Tech company uses AI to feel the mood of the music
It took just a touch of AI to help find the right music for a film, game, TV show, or video – a far cry from the days when audio producers would have to sift through hundreds of thousands of sings to find the right one.
A tech company called AIMS cam up with a way for AI to use pattern detection capabilities that could pave the way for new music exploration.
AIMS didn't rely on tags or metadata to figure out if one type of music was similar (or not) to another type – instead, developers incorporated mood, vibe, and past track usage. According to the
AIMS team, that approach created a more subjective process that helps to create a 'nuanced' and creative curation process.
"Production music has increased in quality in recent years to match and often surpass commercially released tracks," explains music professional Martin Nedvěd.
"Now, the biggest problem for music-for-picture professionals is how to find the right track in an endless supply of music when time is always of the essence. We think we have a solution.
Nedvěd has seen the best and worst of music track selection – in the past he ran a music production sub-publisher, and has been running a music production catalog for almost 10 years.
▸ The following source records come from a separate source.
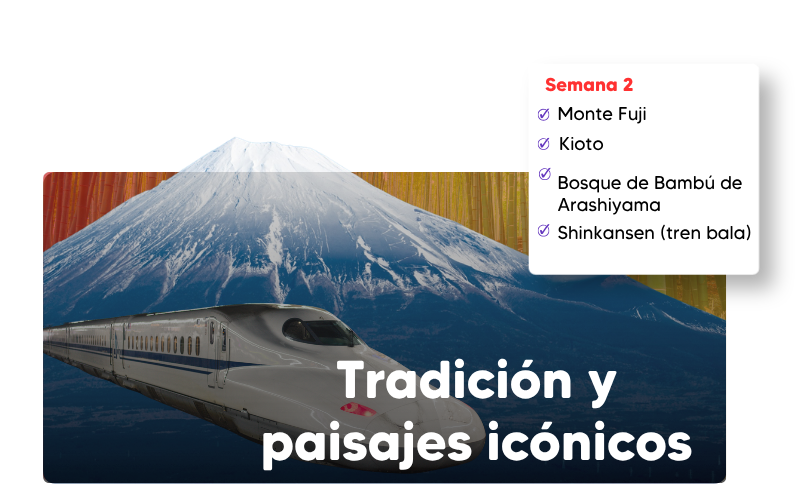 La experiencia se intensifica con recorridos por algunos de los lugares más emblemáticos del país. Descubrirás la serenidad de Kioto, la imponencia del Monte Fuji y la profundidad histórica de Hiroshima. Además, vivirás la experiencia única de viajar en tren de alta velocidad mientras atraviesas paisajes inolvidables.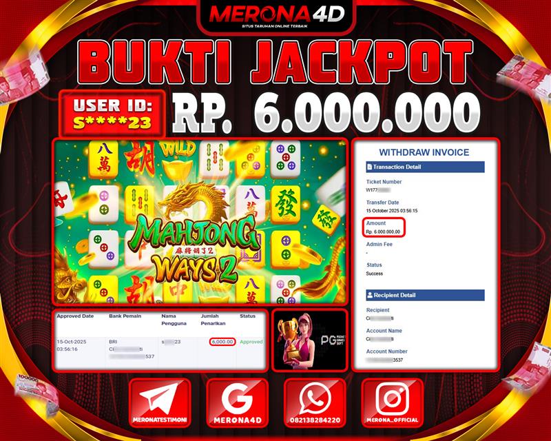 Selamat Kepada Member MERONA4D S*****23 Telah Jackpot Di MAHJONG WAYS 2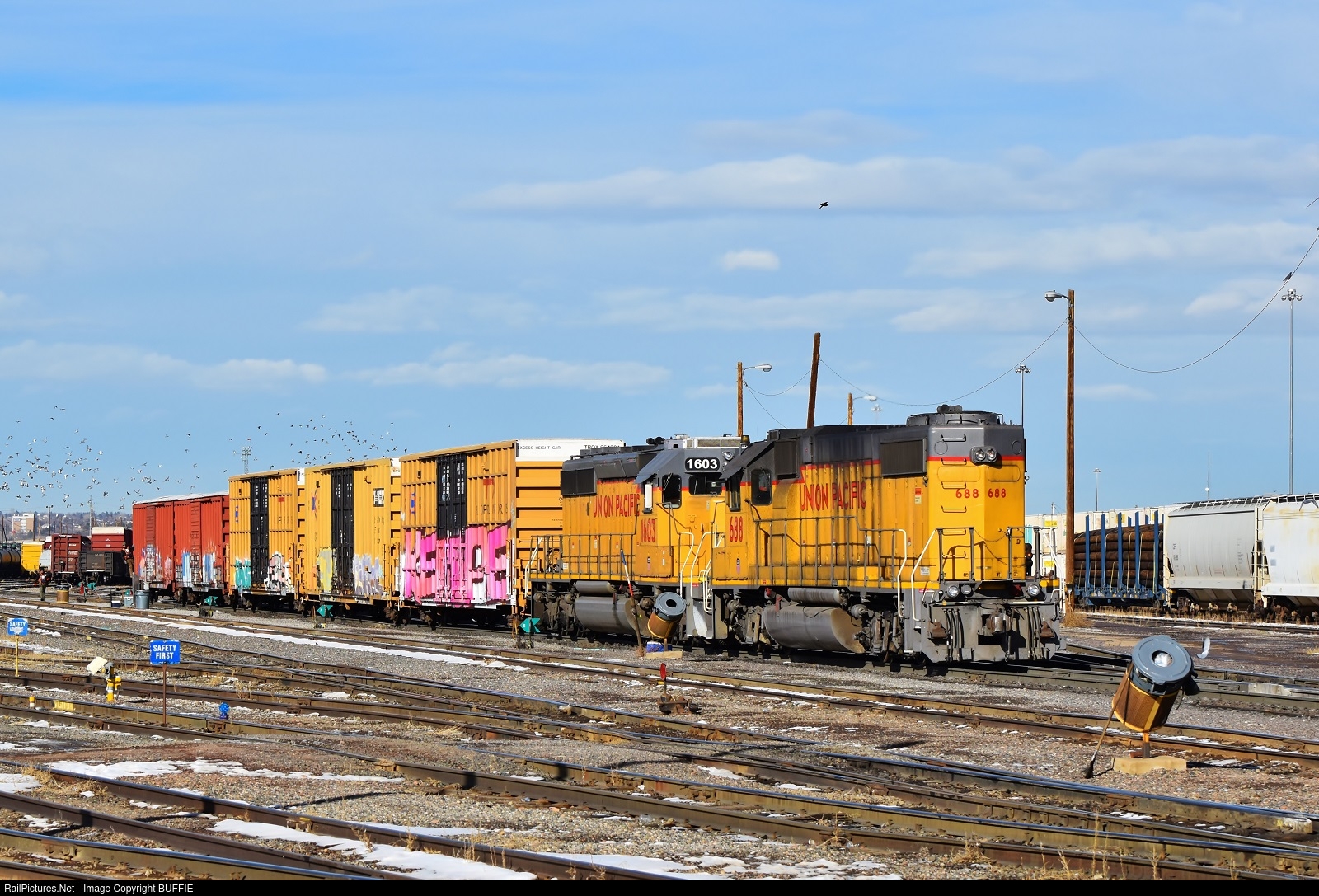 | UP 688 (GP38-2) runs long hood forward in a Siamese configuration as it works shuffling cars in the North Yard in Denver, Colorado.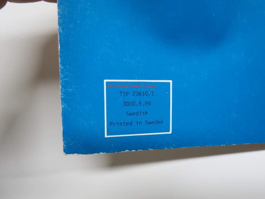 | Saatavilla | 1 kpl | | Julkaisuvuosi | 1986 | | Sivuja | 20 | | Kunto | K2 | | Sidonta/painoasu | Nidottu (pehmeäk.) | | Kielet | Ruotsi |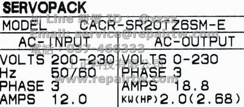 首頁 --» 商品 --» Yaskawa(安川) --» 伺服驅動器(SERVOPACK) --» Other系列 --» CACR-SR20TZ6SM-E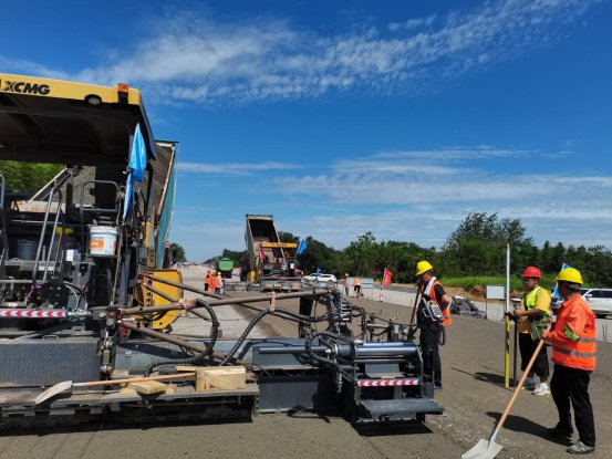 7月4日,湖北路桥赤壁长江大桥东延段项目二期路面底基层、基层试验段顺利完成摊铺,标志着赤壁东项目正式开启路面工程新篇章,为实现工程建设目标奠定坚实的基础。

He says he understands the challenges rights holders and music teams face, how the pace of production has skyrocketed while budgets shrink. Music supervisors and library owners need to do a lot more with less, and this "more" often involves digging up the right music fast from catalogs with millions of tracks.
That's why he's so pleased about AIMS' work - the API doesn't simply suggest something similar based on simple audio characteristics like beats per minute. It hones in on the mood, that certain feel that makes a track work in a particular moment or scene.
"As we were evaluating the results, we were asking if a client sent us this as a reference track, would we send this result back in a playlist?" says Nedvěd.
"It doesn't have to be similar in the typical meaning of sounding alike. The right track can be a different genre or tempo, but it has to have the feeling, the use, the vibe.
He says that while AIMS originally built the AI for its own use, it has expanded its service to others in music production.
"We're not looking just at surface similarities; we're looking for what makes music work for the industries we serve," concludes Nedvěd.